During uncertain times, even a small security breach can be enough to ruin your company’s reputation. This is why improving these metrics helps you become more resilient.

Finally, establish a reliable reporting system to ensure that your system is ironclad. First, you need to set some ground rules, like how often this report is needed and what you should put on this report. Then, you must add some contextual requirements (point out the data you need every time). Lastly, you need to know who the report is for. This will set the terminology used.

5.   Security awareness and training

Without data, there’s no training program.

Most cyber breaches happen because of the lack of awareness of your team. So, you need to enhance their training to prevent this from happening, but you usually don’t have to start from the bottom. This means that your first step needs to be establishing the baseline. This way, you’ll develop an understanding of their current knowledge level. This will help you devise a plan/curriculum.

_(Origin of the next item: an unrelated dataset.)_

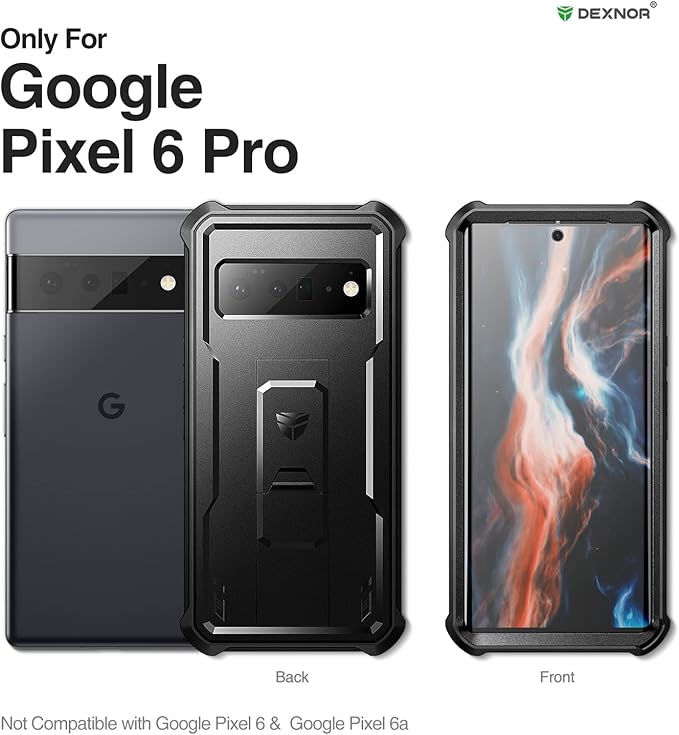 Dexnor Google Pixel 6 Pro 5G用 ケース [内蔵スクリーンプロテクター&キックスタンド] 軍用規格 耐衝撃 強化防護カバー(ブラック)

The best way to conduct training is through theoretical background coupled with some simulations. Ideally, you want to create a scenario of real phishing (a phishing simulation). To make this as effective as possible, you should extract all the available phishing data and figure out which scenario they’re most likely to encounter in their work. Even hiring a white hat hacker might be a great idea.

Next, you want to gamify this curriculum to ensure maximum immersion and focus by your team. This will help you send the message across far more effectively than if you used old-school teaching methods.

Training effectiveness evaluation is one of the things that you should never skip. Just because something sounds like a good idea doesn’t mean it is.

Finally, every training process can and should be improved over time. So, use all this training data and feedback to see which parts of the process performed admirably and which failed miserably. Continuous improvement is the name of the game.

With the right data utilization cyber space can become a much safer place

With so much crime out there, it all seemed like an uphill battle. Now, we may finally have a fighting chance with big data, ML, AI, and other tools on our side. Just remember that this is a never-ending process and that, before this is done, both parties have a long way to go and a lot of tools to improve. One thing is certain, it all hangs on data.